Q. The solution region satisfied by the inequalities x + y $\leq$ 5, x $\leq$ 4, y $\leq$ 4, x $\geq$ 0, y $\geq$ 0,5x + y $\geq$ 5, x + 6y $\geq$ 6, is bounded by
Linear Programming
Solution:
We find that the solution set satisfies x $\geq$ 0 , y $\geq$ 0 , x $\leq$ 4 , y $\leq$ 4 so that the solution region lies within the square enclosed by the lines x= 0, y = 0, x = 4, y = 4. Moreover, the solution region is bounded by the lines
x + y = 5, …(1)
5x + y = 5 …(2)
x + 6y = 6 …(3)
Line (1) meets the coordinate axes in (5, 0) and (0, 5) and the lines x = 4 and y = 4 in (4, 1) and (1, 4), and 0 < 5 is true.

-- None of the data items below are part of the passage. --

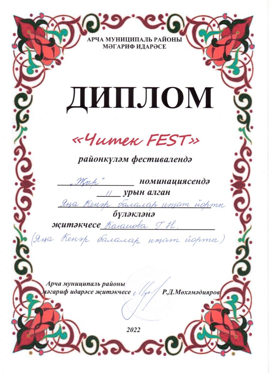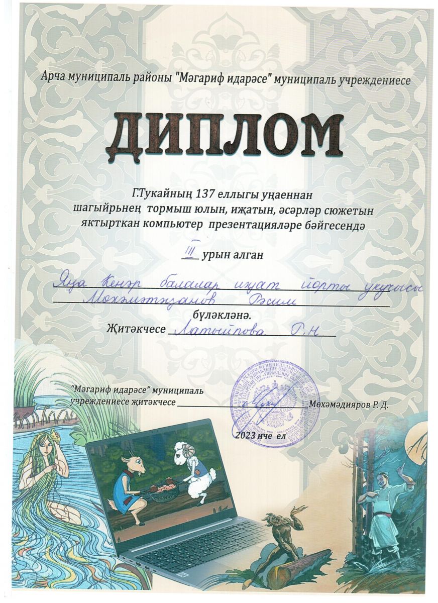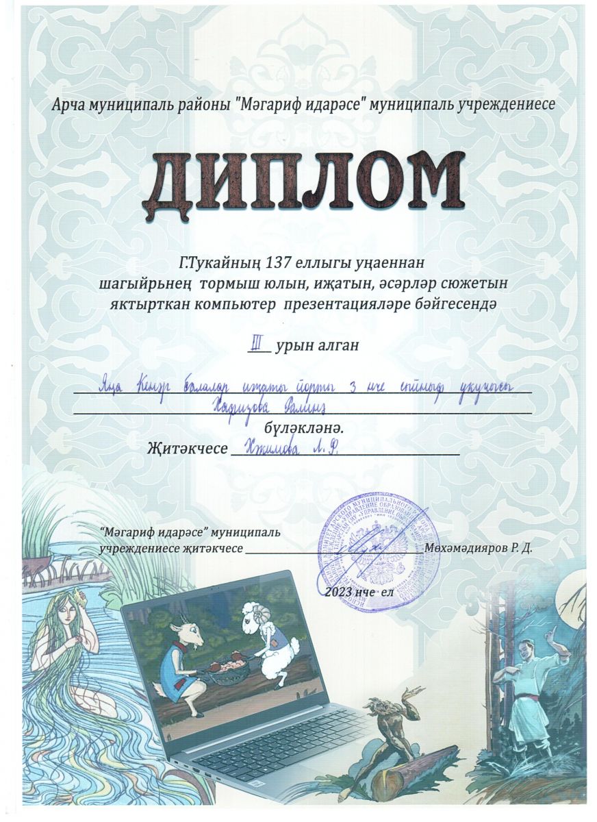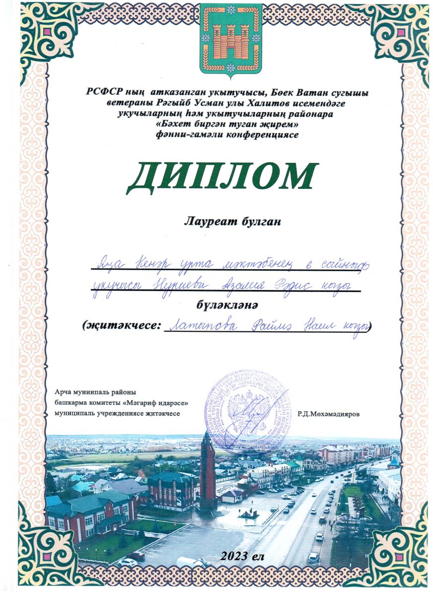 Диплом лауреата - "Бәхет биргән туган җирем"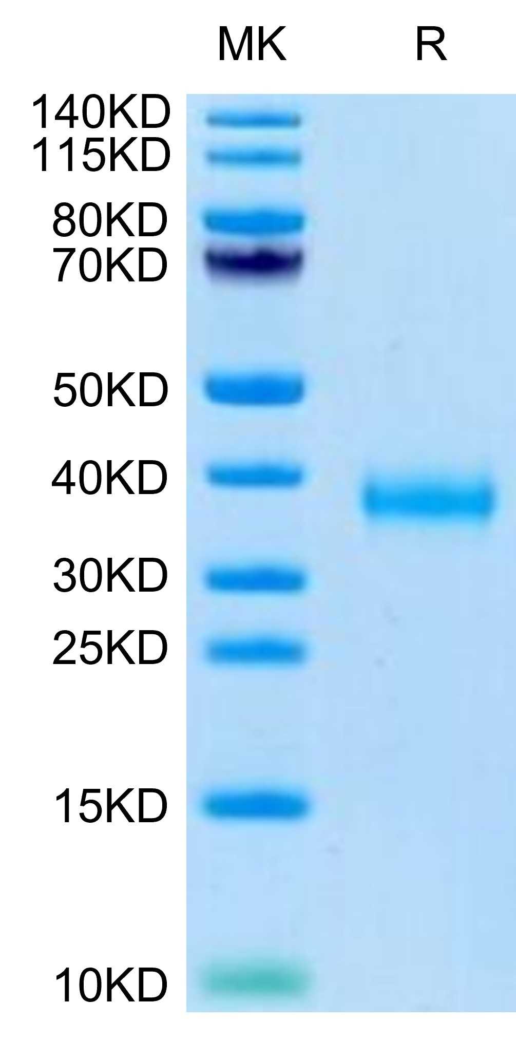 | Molecular Mass : | The protein has a predicted MW of 26.26 kDa. Due to glycosylation, the protein migrates to 35-40 kDa based on Tris-Bis PAGE result. |
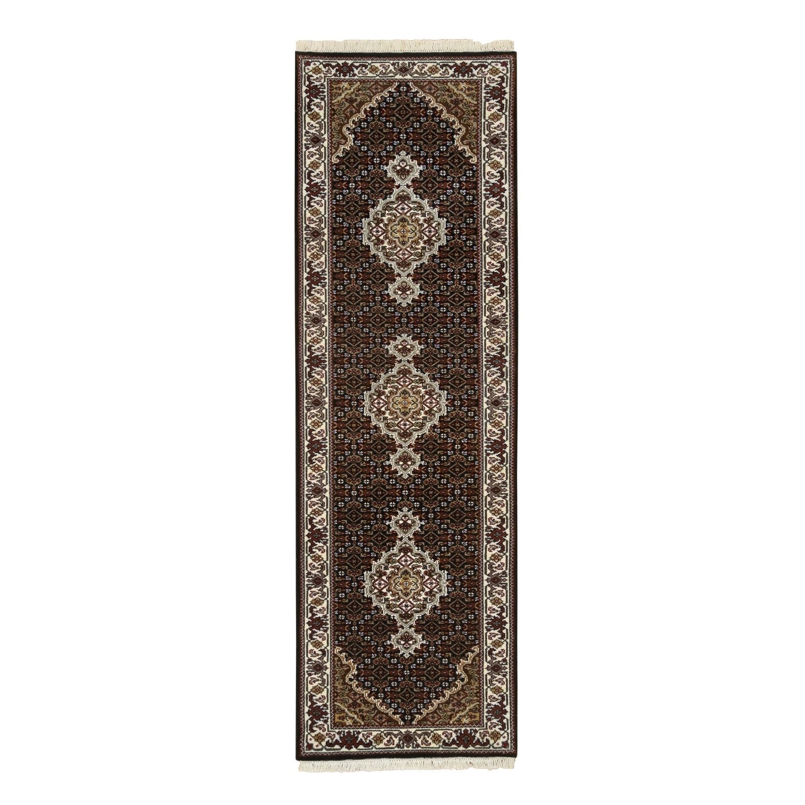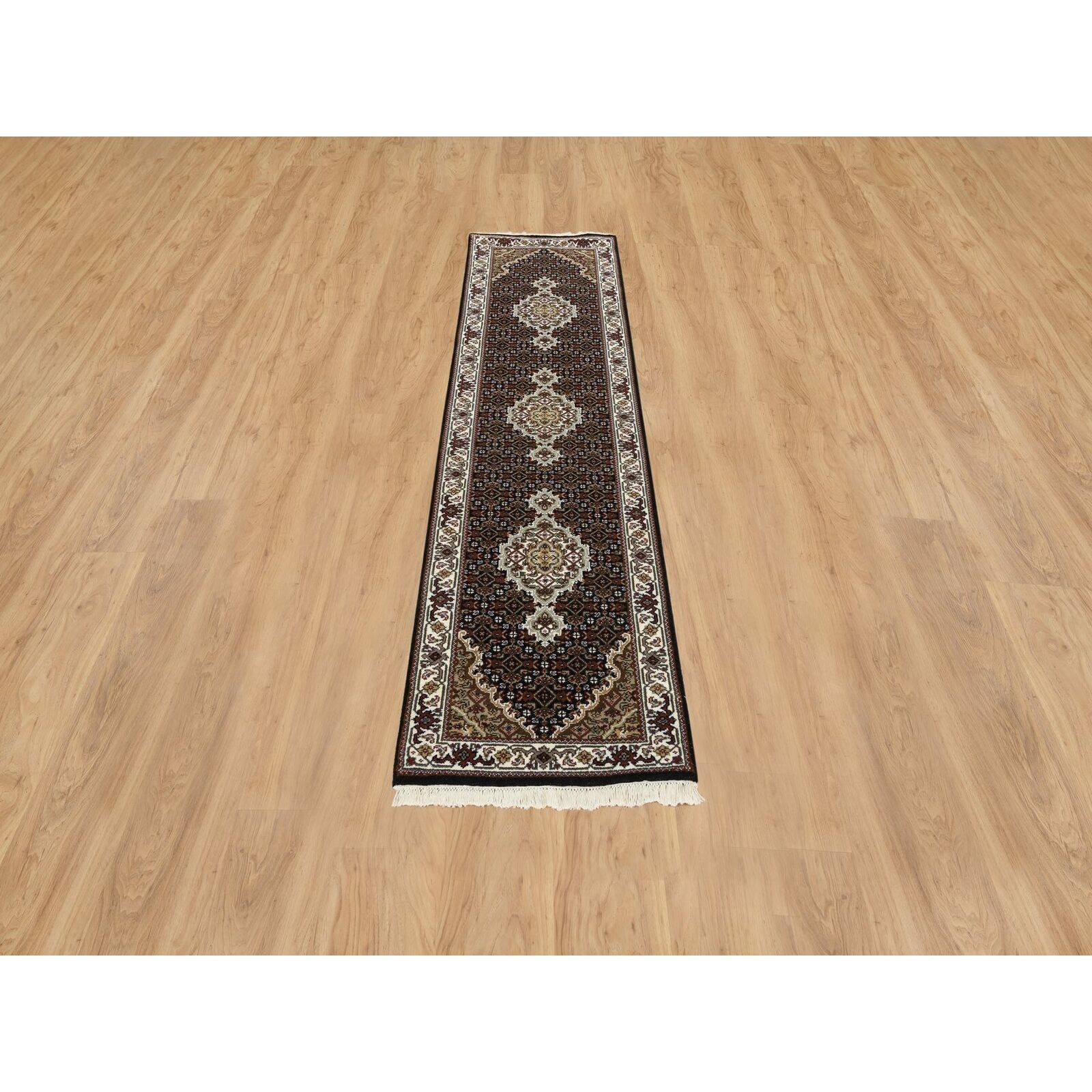 2'X8'1" Black Tebraz Mahi 175 Kpsi Pure Wool Hand Knotted Runner Rug

Hence (0, 0) belongs to the half plane x + y $\leq$ 5. But (0, 0) does not belong to the half planes 5x + y $\leq$ 5 and x + 6y $\leq$6. The line 5x + y = 5, meets the coordinate axes in (1, 0) and (0, 5), and meets the line x = 4 in (4, 1), where as it meets the line y = 4 in (1/5, 4). Similarly x + 6y = 6 meets x = 4 in (4, 1/3) and y = 4 in ( -18, 4).
The solution is marked as the shaded region.